• Assignment: Return all of the data below verbatim and exclude every picture.

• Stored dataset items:
########################################
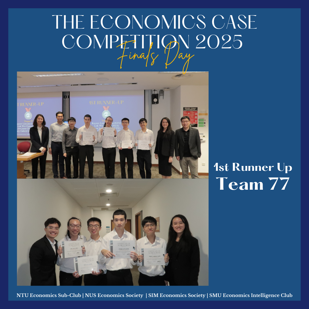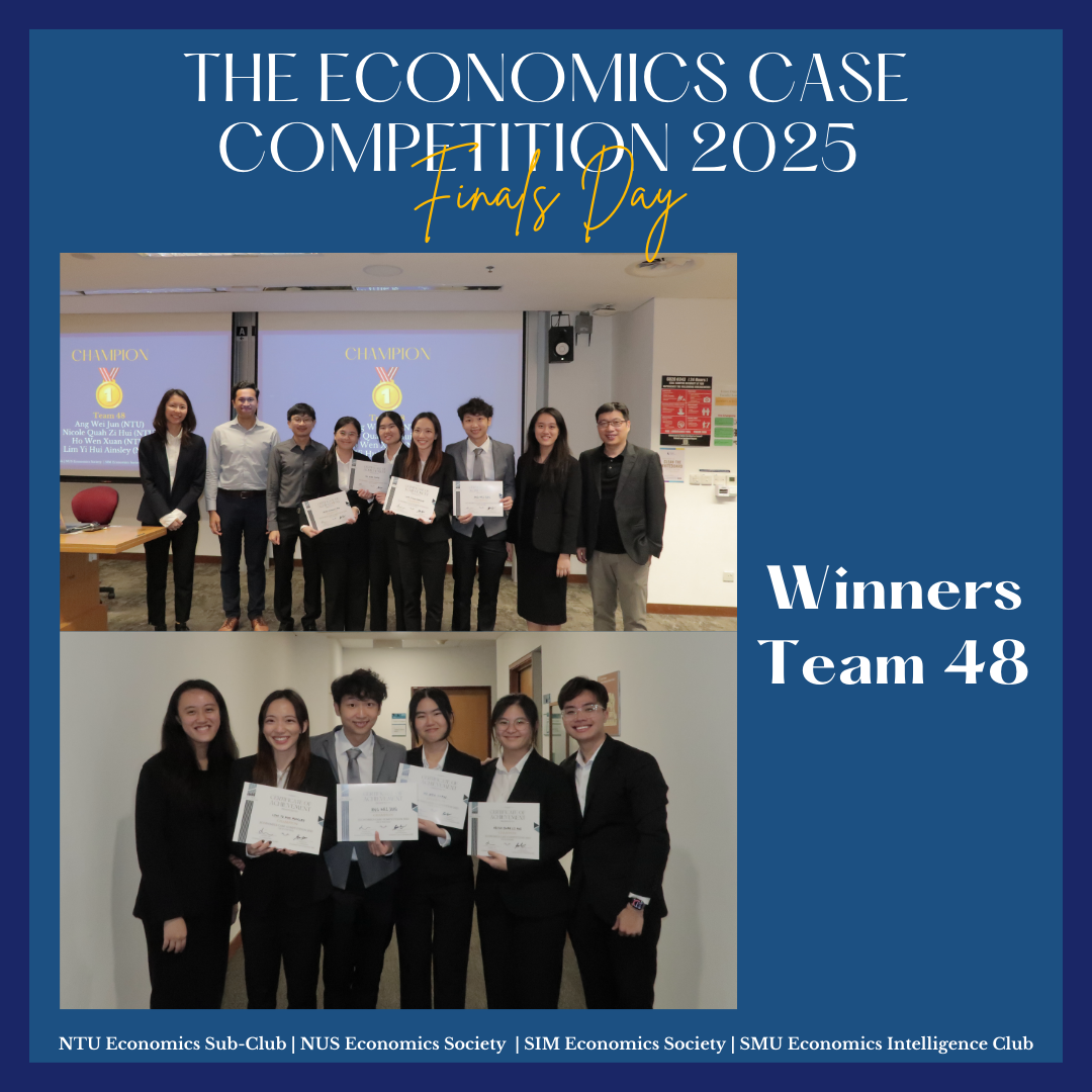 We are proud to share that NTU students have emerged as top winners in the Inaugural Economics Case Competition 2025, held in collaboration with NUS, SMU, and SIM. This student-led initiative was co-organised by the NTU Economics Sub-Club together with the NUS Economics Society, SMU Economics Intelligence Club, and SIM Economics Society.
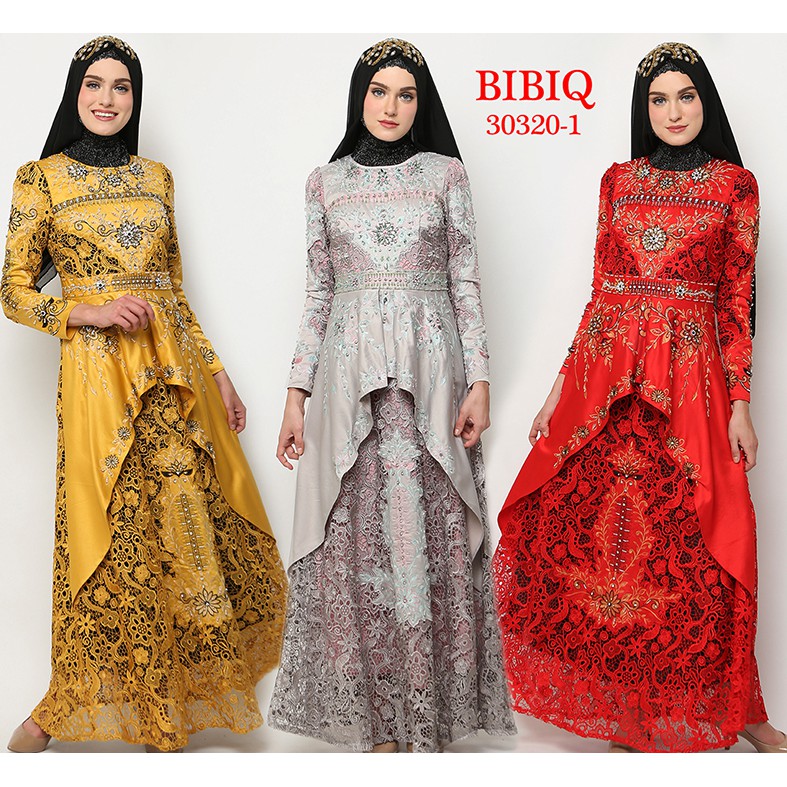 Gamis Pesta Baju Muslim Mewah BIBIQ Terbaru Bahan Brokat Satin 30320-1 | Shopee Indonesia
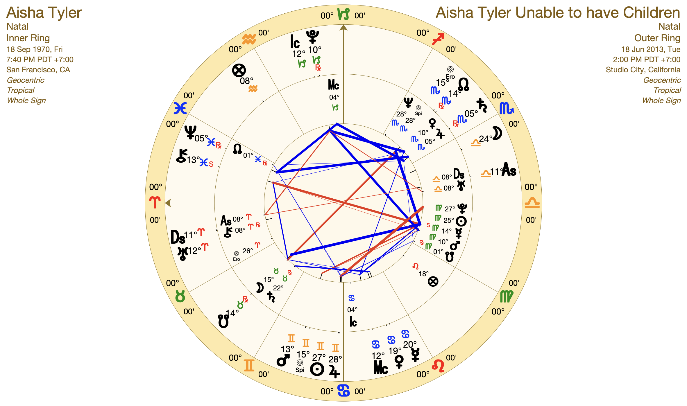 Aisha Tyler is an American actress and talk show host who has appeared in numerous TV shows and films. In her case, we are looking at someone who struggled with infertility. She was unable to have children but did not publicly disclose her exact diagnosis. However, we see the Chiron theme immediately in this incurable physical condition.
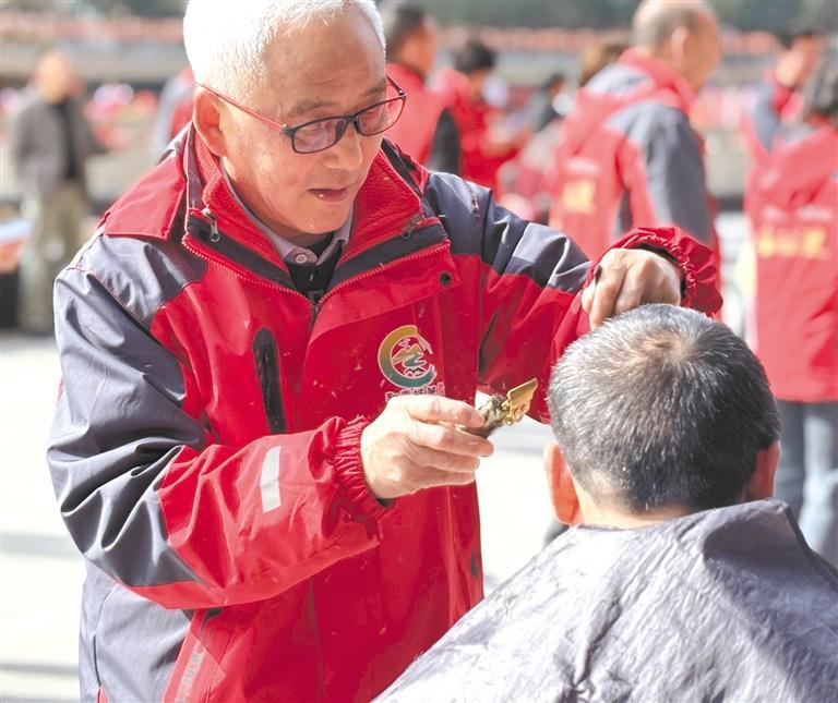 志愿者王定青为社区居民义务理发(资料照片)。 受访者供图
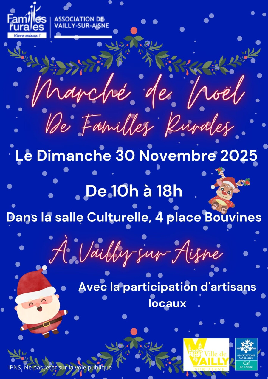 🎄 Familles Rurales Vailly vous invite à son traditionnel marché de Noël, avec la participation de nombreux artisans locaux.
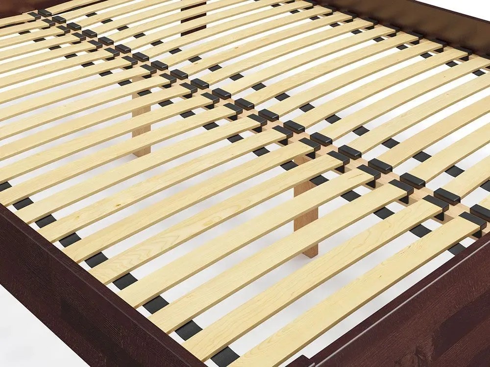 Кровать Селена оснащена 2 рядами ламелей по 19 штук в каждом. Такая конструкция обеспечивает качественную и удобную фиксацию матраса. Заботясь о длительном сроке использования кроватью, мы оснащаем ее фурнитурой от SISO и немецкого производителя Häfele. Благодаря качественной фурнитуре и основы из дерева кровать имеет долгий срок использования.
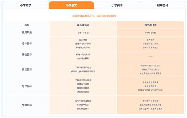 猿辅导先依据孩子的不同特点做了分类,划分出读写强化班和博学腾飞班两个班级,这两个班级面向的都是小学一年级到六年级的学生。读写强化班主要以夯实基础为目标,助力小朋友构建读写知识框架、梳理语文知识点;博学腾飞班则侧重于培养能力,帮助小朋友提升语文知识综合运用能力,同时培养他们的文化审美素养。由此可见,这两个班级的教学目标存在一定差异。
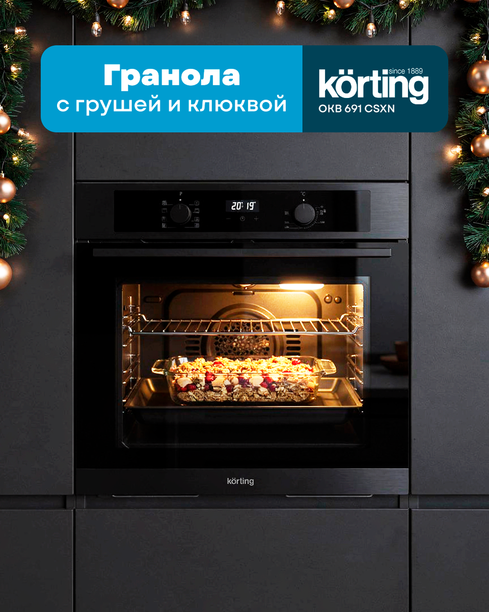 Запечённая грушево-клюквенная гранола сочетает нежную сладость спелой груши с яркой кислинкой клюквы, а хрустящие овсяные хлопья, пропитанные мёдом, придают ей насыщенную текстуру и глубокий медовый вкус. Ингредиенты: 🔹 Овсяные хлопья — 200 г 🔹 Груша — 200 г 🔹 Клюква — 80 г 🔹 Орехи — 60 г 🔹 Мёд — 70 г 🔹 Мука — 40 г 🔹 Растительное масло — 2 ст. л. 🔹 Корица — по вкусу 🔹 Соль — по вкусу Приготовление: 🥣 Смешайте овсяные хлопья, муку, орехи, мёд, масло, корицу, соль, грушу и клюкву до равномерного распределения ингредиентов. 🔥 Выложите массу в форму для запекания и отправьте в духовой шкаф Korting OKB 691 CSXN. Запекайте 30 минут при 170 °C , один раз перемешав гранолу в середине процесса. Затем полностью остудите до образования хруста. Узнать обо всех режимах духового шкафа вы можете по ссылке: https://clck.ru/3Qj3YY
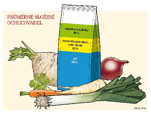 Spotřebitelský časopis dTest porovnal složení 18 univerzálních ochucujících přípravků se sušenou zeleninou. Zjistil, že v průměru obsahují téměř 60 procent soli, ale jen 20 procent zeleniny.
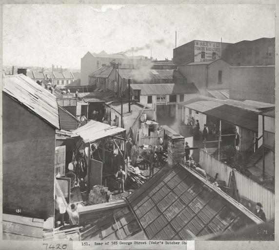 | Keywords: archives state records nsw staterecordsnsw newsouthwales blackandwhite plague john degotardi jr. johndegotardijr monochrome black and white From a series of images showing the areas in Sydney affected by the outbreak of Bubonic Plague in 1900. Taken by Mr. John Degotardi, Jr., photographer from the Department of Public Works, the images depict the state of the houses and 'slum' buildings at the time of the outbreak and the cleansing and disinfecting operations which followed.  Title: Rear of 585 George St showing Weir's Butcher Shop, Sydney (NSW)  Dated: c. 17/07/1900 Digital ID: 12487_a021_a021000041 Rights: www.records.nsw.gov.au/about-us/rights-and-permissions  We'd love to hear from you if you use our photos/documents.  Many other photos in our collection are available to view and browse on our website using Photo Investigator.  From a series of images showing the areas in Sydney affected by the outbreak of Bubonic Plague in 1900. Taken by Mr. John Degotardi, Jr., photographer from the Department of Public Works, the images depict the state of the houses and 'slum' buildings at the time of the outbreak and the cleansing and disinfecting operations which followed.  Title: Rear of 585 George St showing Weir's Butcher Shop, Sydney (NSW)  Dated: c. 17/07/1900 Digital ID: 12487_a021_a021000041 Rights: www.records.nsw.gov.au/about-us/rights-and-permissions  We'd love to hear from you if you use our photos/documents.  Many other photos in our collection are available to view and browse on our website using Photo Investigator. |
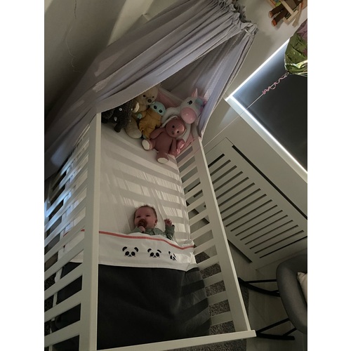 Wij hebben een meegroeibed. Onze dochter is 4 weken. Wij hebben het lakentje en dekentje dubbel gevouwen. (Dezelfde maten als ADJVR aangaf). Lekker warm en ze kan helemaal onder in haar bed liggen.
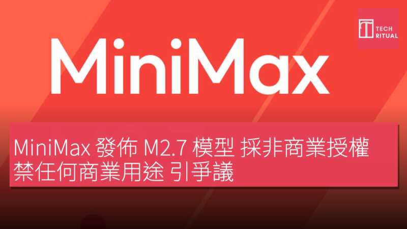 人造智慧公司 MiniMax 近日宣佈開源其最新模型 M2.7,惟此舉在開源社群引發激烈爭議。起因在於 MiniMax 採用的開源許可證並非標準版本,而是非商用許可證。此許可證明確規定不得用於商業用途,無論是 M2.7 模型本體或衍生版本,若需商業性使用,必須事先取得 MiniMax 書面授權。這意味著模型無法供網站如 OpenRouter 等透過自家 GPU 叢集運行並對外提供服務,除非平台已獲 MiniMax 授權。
########################################
• Answer to the exercise:
 We are proud to share that NTU students have emerged as top winners in the Inaugural Economics Case Competition 2025, held in collaboration with NUS, SMU, and SIM. This student-led initiative was co-organised by the NTU Economics Sub-Club together with the NUS Economics Society, SMU Economics Intelligence Club, and SIM Economics Society.
 Gamis Pesta Baju Muslim Mewah BIBIQ Terbaru Bahan Brokat Satin 30320-1 | Shopee Indonesia
 Aisha Tyler is an American actress and talk show host who has appeared in numerous TV shows and films. In her case, we are looking at someone who struggled with infertility. She was unable to have children but did not publicly disclose her exact diagnosis. However, we see the Chiron theme immediately in this incurable physical condition.
 志愿者王定青为社区居民义务理发(资料照片)。 受访者供图
 🎄 Familles Rurales Vailly vous invite à son traditionnel marché de Noël, avec la participation de nombreux artisans locaux.
 Кровать Селена оснащена 2 рядами ламелей по 19 штук в каждом. Такая конструкция обеспечивает качественную и удобную фиксацию матраса. Заботясь о длительном сроке использования кроватью, мы оснащаем ее фурнитурой от SISO и немецкого производителя Häfele. Благодаря качественной фурнитуре и основы из дерева кровать имеет долгий срок использования.
 猿辅导先依据孩子的不同特点做了分类,划分出读写强化班和博学腾飞班两个班级,这两个班级面向的都是小学一年级到六年级的学生。读写强化班主要以夯实基础为目标,助力小朋友构建读写知识框架、梳理语文知识点;博学腾飞班则侧重于培养能力,帮助小朋友提升语文知识综合运用能力,同时培养他们的文化审美素养。由此可见,这两个班级的教学目标存在一定差异。
 Запечённая грушево-клюквенная гранола сочетает нежную сладость спелой груши с яркой кислинкой клюквы, а хрустящие овсяные хлопья, пропитанные мёдом, придают ей насыщенную текстуру и глубокий медовый вкус. Ингредиенты: 🔹 Овсяные хлопья — 200 г 🔹 Груша — 200 г 🔹 Клюква — 80 г 🔹 Орехи — 60 г 🔹 Мёд — 70 г 🔹 Мука — 40 г 🔹 Растительное масло — 2 ст. л. 🔹 Корица — по вкусу 🔹 Соль — по вкусу Приготовление: 🥣 Смешайте овсяные хлопья, муку, орехи, мёд, масло, корицу, соль, грушу и клюкву до равномерного распределения ингредиентов. 🔥 Выложите массу в форму для запекания и отправьте в духовой шкаф Korting OKB 691 CSXN. Запекайте 30 минут при 170 °C , один раз перемешав гранолу в середине процесса. Затем полностью остудите до образования хруста. Узнать обо всех режимах духового шкафа вы можете по ссылке: https://clck.ru/3Qj3YY
 Spotřebitelský časopis dTest porovnal složení 18 univerzálních ochucujících přípravků se sušenou zeleninou. Zjistil, že v průměru obsahují téměř 60 procent soli, ale jen 20 procent zeleniny.
 | Keywords: archives state records nsw staterecordsnsw newsouthwales blackandwhite plague john degotardi jr. johndegotardijr monochrome black and white From a series of images showing the areas in Sydney affected by the outbreak of Bubonic Plague in 1900. Taken by Mr. John Degotardi, Jr., photographer from the Department of Public Works, the images depict the state of the houses and 'slum' buildings at the time of the outbreak and the cleansing and disinfecting operations which followed.  Title: Rear of 585 George St showing Weir's Butcher Shop, Sydney (NSW)  Dated: c. 17/07/1900 Digital ID: 12487_a021_a021000041 Rights: www.records.nsw.gov.au/about-us/rights-and-permissions  We'd love to hear from you if you use our photos/documents.  Many other photos in our collection are available to view and browse on our website using Photo Investigator.  From a series of images showing the areas in Sydney affected by the outbreak of Bubonic Plague in 1900. Taken by Mr. John Degotardi, Jr., photographer from the Department of Public Works, the images depict the state of the houses and 'slum' buildings at the time of the outbreak and the cleansing and disinfecting operations which followed.  Title: Rear of 585 George St showing Weir's Butcher Shop, Sydney (NSW)  Dated: c. 17/07/1900 Digital ID: 12487_a021_a021000041 Rights: www.records.nsw.gov.au/about-us/rights-and-permissions  We'd love to hear from you if you use our photos/documents.  Many other photos in our collection are available to view and browse on our website using Photo Investigator. |
 Wij hebben een meegroeibed. Onze dochter is 4 weken. Wij hebben het lakentje en dekentje dubbel gevouwen. (Dezelfde maten als ADJVR aangaf). Lekker warm en ze kan helemaal onder in haar bed liggen.
 人造智慧公司 MiniMax 近日宣佈開源其最新模型 M2.7,惟此舉在開源社群引發激烈爭議。起因在於 MiniMax 採用的開源許可證並非標準版本,而是非商用許可證。此許可證明確規定不得用於商業用途,無論是 M2.7 模型本體或衍生版本,若需商業性使用,必須事先取得 MiniMax 書面授權。這意味著模型無法供網站如 OpenRouter 等透過自家 GPU 叢集運行並對外提供服務,除非平台已獲 MiniMax 授權。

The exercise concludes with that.